More informationAgenda. What is the Itanium Architecture? Terminology What is the Itanium Architecture? Thomas Siebold Technology Consultant Alpha Systems Division
What is the Itanium Architecture? Thomas Siebold Technology Consultant Alpha Systems Division thomas.siebold@hp.com Agenda Terminology What is the Itanium Architecture? 1 Terminology Processor Architectures
More informationChapter 4. Advanced Pipelining and Instruction-Level Parallelism. In-Cheol Park Dept. of EE, KAIST
Chapter 4. Advanced Pipelining and Instruction-Level Parallelism In-Cheol Park Dept. of EE, KAIST Instruction-level parallelism Loop unrolling Dependence Data/ name / control dependence Loop level parallelism
More informationCS553 Lecture Profile-Guided Optimizations 3
Profile-Guided Optimizations Last time Instruction scheduling Register renaming alanced Load Scheduling Loop unrolling Software pipelining Today More instruction scheduling Profiling Trace scheduling CS553
More informationUNIVERSITY OF MASSACHUSETTS Dept. of Electrical & Computer Engineering.

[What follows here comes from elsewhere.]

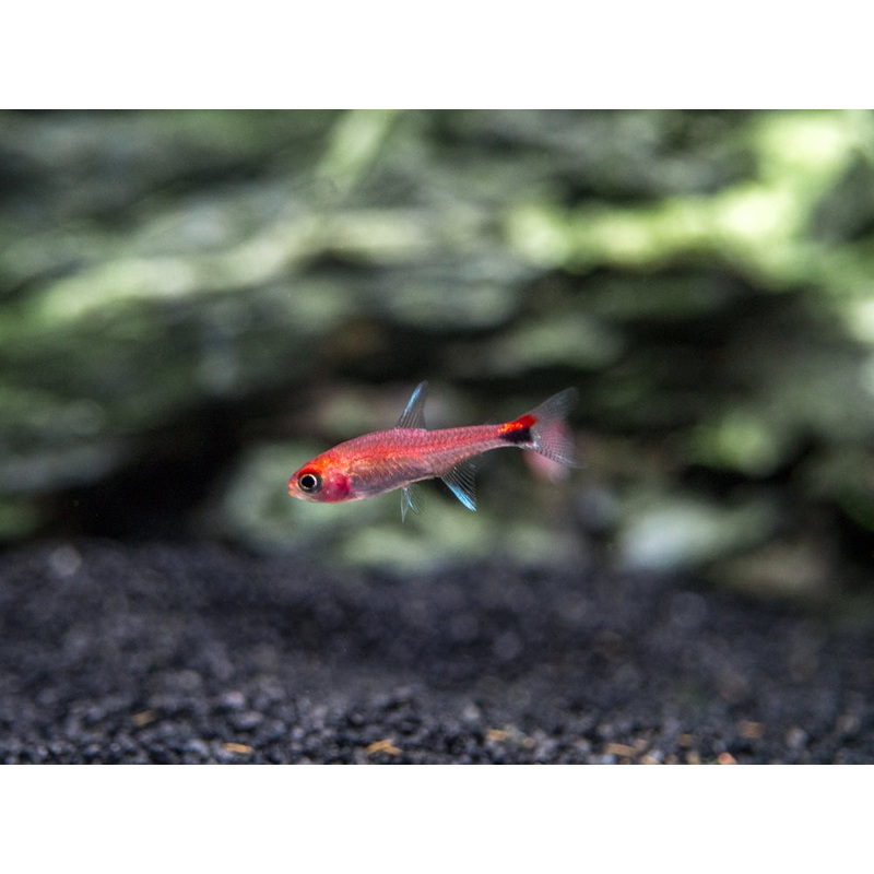 TheRuby Tetra typically occupies the top and middle level of the water column, although it can often be seen swimming and feeding in the middle and bottom levels as well. It is typically safe with other peaceful, small fish. Unlike many tetras, it is shoaling rather than schooling. Due to its extra small size, it can be viewed as similar to microrasboras as far as its compatibility with dwarf shrimp. Larger, peaceful invertebrates can also make good tankmates. The Ruby Tetra must be kept ingroups of at least 6 or more. Its natural habitat contains slightly acidic water rich in tannins and leaf litter. It requires very clean water to thrive and it will display optimal coloration and health in a planted aquarium with dark, sandy substrate and slow-flowing water, especially where floating plants are present. It should not be kept with overly boisterous tankmates that will out-compete it during feeding.

Computer Architecture ECE 568
UNIVERSITY OF MASSACHUSETTS Dept. of Electrical & Computer Engineering Computer Architecture ECE 568 Part 10 Compiler Techniques / VLIW Israel Koren ECE568/Koren Part.10.1 FP Loop Example Add a scalar
More informationIntroduction to Compilers
Introduction to Compilers Compilers are language translators input: program in one language output: equivalent program in another language Introduction to Compilers Two types Compilers offline Data Program
More informationLecture: Static ILP. Topics: compiler scheduling, loop unrolling, software pipelining (Sections C.5, 3.2)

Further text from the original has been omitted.